BEGIN

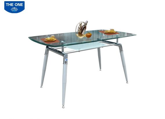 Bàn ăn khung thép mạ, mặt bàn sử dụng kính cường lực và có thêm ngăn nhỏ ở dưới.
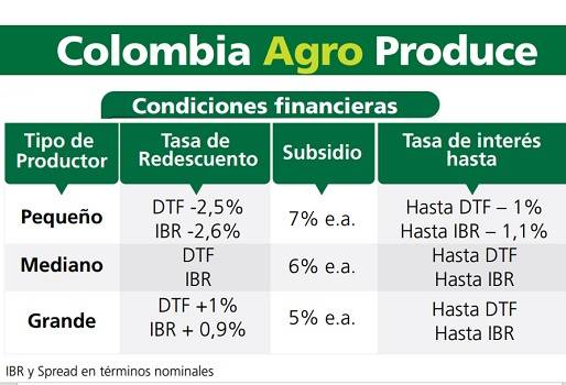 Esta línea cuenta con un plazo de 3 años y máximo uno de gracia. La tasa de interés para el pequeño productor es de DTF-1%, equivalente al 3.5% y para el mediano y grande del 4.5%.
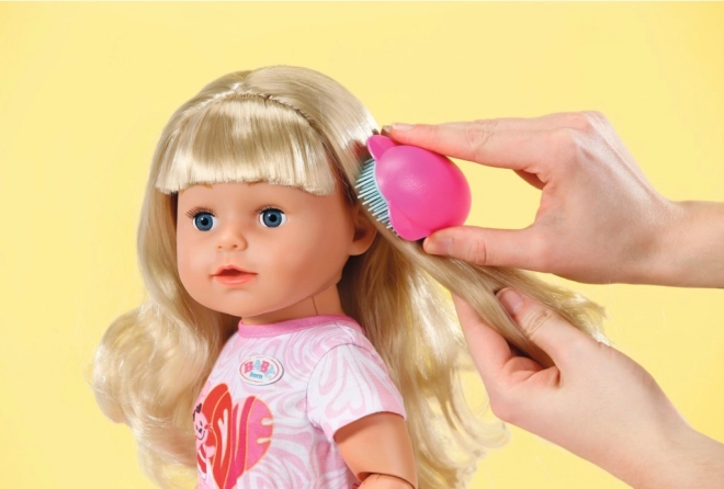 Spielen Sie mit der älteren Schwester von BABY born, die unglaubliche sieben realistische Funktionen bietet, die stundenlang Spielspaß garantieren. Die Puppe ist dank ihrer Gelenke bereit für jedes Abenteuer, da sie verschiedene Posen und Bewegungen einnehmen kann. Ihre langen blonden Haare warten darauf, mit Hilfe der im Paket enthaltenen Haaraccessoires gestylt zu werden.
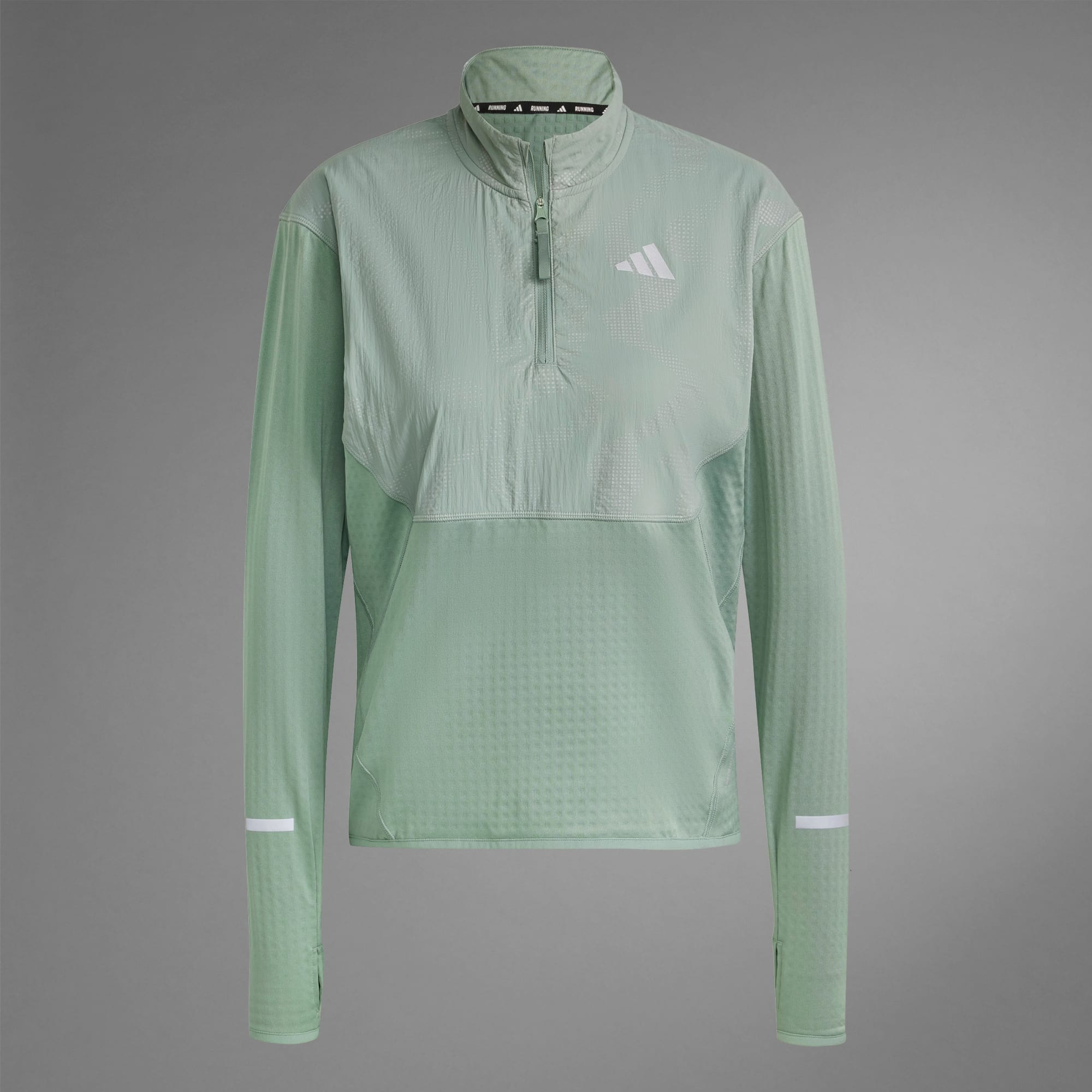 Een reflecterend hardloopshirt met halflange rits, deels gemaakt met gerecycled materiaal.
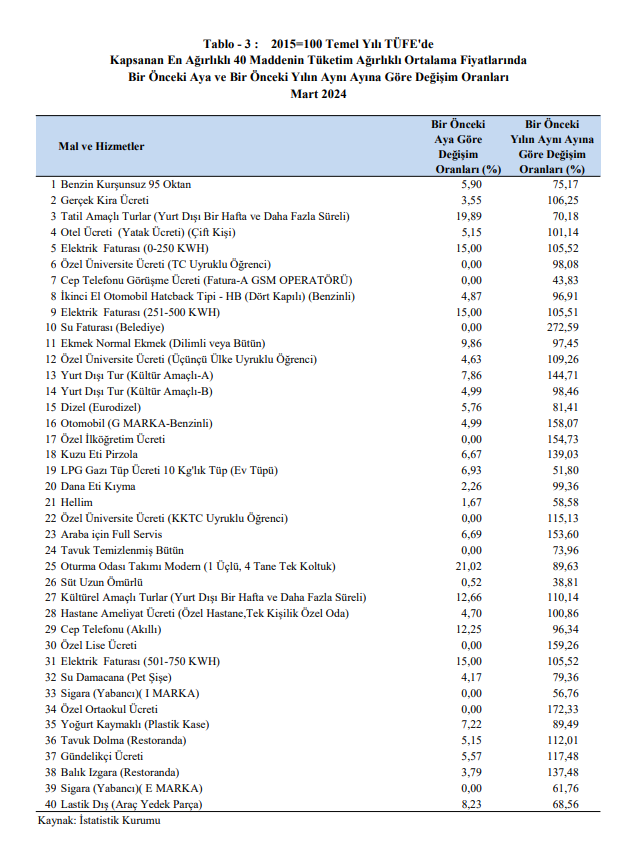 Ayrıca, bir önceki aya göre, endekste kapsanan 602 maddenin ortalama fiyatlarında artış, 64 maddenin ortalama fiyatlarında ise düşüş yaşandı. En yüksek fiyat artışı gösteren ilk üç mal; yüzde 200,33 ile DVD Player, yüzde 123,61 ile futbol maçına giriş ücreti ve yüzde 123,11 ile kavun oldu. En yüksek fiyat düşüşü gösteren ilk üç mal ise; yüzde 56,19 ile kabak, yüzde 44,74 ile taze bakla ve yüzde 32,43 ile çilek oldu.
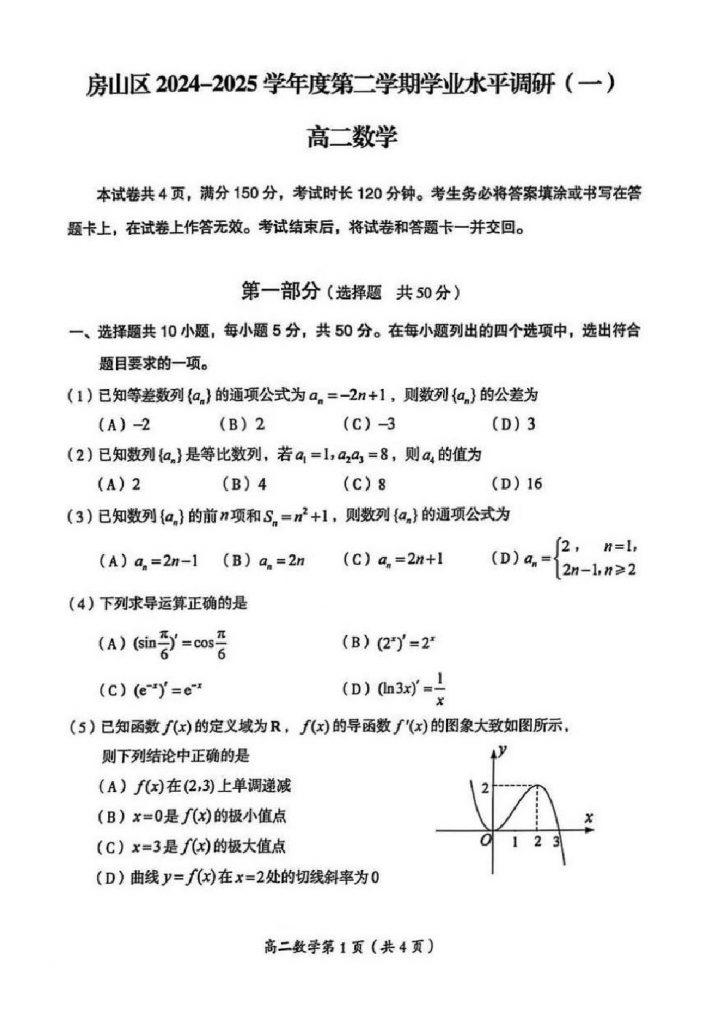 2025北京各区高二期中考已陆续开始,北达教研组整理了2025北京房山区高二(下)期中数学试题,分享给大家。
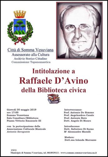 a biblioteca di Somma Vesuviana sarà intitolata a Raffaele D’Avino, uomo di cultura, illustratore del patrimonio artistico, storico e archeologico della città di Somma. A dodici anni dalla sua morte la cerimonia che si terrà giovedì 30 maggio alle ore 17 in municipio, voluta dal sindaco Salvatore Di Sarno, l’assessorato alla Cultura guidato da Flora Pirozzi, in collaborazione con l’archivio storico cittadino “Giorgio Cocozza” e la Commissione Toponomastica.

END

#### Task statement:
All lines from the one containing "Ayrıca, bir önceki" through the final line of the records are to be retyped exactly; no other lines and no pictures are to be included.

#### Task result:
 Ayrıca, bir önceki aya göre, endekste kapsanan 602 maddenin ortalama fiyatlarında artış, 64 maddenin ortalama fiyatlarında ise düşüş yaşandı. En yüksek fiyat artışı gösteren ilk üç mal; yüzde 200,33 ile DVD Player, yüzde 123,61 ile futbol maçına giriş ücreti ve yüzde 123,11 ile kavun oldu. En yüksek fiyat düşüşü gösteren ilk üç mal ise; yüzde 56,19 ile kabak, yüzde 44,74 ile taze bakla ve yüzde 32,43 ile çilek oldu.
 2025北京各区高二期中考已陆续开始,北达教研组整理了2025北京房山区高二(下)期中数学试题,分享给大家。
 a biblioteca di Somma Vesuviana sarà intitolata a Raffaele D’Avino, uomo di cultura, illustratore del patrimonio artistico, storico e archeologico della città di Somma. A dodici anni dalla sua morte la cerimonia che si terrà giovedì 30 maggio alle ore 17 in municipio, voluta dal sindaco Salvatore Di Sarno, l’assessorato alla Cultura guidato da Flora Pirozzi, in collaborazione con l’archivio storico cittadino “Giorgio Cocozza” e la Commissione Toponomastica.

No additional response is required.